PORTAL BANTEN - Gelombang kecurigaan kembali menghantam pusaran dana bantuan sosial (bansos) DKI Jakarta tahun 2020. Isu korupsi yang sempat mereda, kini kembali mencuat seiring beredarnya kabar Surat Perintah Penghentian Penyidikan (SP3) dari aparat penegak hukum terkait kasus tersebut. Informasi ini santer terdengar di lingkungan kantor PAM Jaya dan Balaikota Jakarta, mengaitkan SP3 dengan dugaan keterlibatan Arief Nasrudin, yang saat itu menjabat sebagai Direktur Utama Perumda Pasar Jaya, dalam pengelolaan dana bansos senilai Rp 2,85 triliun.
Namun, Center for Budget Analysis (CBA) justru melihat manuver ini sebagai upaya mempertahankan Arief di kursi empuk BUMD Jakarta, apalagi kini ia menduduki posisi penting sebagai Direktur Utama PAM Jaya.
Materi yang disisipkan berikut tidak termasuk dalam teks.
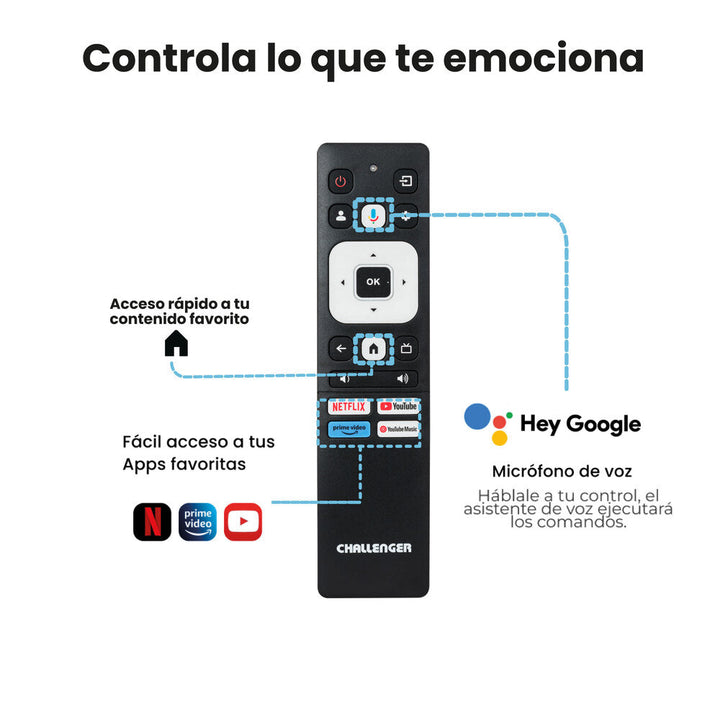 Con el Televisor Google TV de Challenger, el entretenimiento está al alcance de tu mano. Gracias al sistema operativo Google TV integrado, tendrás acceso a una amplia variedad de aplicaciones de entretenimiento, desde las más populares hasta las más especializadas, (YouTube, Netflix, Disney, Prime Video, Mas, HBO).

"Isu SP3 ini lebih mirip sinyal politik, bukan fakta hukum yang sahih. Ini seperti pesan agar Gubernur DKI Jakarta Pramono Anung tidak mencopot Arief Nasrudin dari jabatannya," kata Uchok Sky Khadafi, Direktur Eksekutif CBA, Selasa (24 Juni 2025).
Uchok juga mengkritik lamanya Arief bercokol di posisi strategis BUMD Jakarta. Ia mendesak Pemprov DKI untuk membuktikan komitmen terhadap transparansi dan perbaikan tata kelola perusahaan daerah dengan mengevaluasi pimpinan yang diduga terlibat dalam kasus yang belum menemui titik terang ini.
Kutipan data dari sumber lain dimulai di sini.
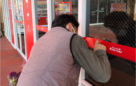 シートをお店のガラスに貼るなどのサインデザインも手掛けています。規模の大小にかかわらず、気を抜かず丁寧に仕上げます。

"Sudah cukup. Gubernur harus berani mengevaluasi, bahkan mencopot Arief Nasrudin dari jabatan Dirut PAM Jaya. Masa jabatan berulang di BUMD bukan prestasi jika ada catatan dugaan penyalahgunaan anggaran publik," ujar Uchok.
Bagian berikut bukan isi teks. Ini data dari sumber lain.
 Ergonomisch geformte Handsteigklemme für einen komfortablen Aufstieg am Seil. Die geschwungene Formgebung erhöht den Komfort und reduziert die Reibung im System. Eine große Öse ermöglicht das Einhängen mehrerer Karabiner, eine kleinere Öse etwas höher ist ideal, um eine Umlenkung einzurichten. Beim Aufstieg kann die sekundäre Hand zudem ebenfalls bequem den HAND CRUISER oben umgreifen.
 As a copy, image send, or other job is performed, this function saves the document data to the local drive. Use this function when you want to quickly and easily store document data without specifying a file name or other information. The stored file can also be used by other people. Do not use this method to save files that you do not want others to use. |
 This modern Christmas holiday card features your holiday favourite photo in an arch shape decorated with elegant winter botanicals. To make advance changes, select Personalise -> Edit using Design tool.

Sebelumnya, CBA juga telah mendesak Komisi Pemberantasan Korupsi (KPK) untuk segera mengusut tuntas dugaan korupsi dana bansos Covid-19 tahun 2020. Menurut Uchok, potensi kerugian negara yang mencapai Rp 2,85 triliun dalam program bantuan yang bersumber dari APBD DKI sebesar Rp 3,65 triliun tersebut, harus menjadi prioritas penegakan hukum.
"Program ini seharusnya menyelamatkan warga dari dampak pandemi, bukan jadi ajang penggelembungan anggaran. Dengan nilai sebesar itu, negara bisa membangun puluhan sekolah atau menggratiskan pendidikan bagi siswa miskin Jakarta," tegasnya.
Uchok menegaskan bahwa proses hukum tidak boleh terbungkam oleh manuver politik atau tekanan jabatan. Terlebih jika menyangkut anggaran publik yang seharusnya digunakan secara maksimal dan transparan untuk kepentingan rakyat.
"Apapun alasannya, dugaan korupsi Bansos 2020 ini harus dibuka kembali secara terang. Jika memang tidak ada penyimpangan, buktikan di depan publik. Tapi jika ada indikasi kuat, maka jangan beri ruang bagi siapapun yang berusaha menutupinya," tutup Uchok.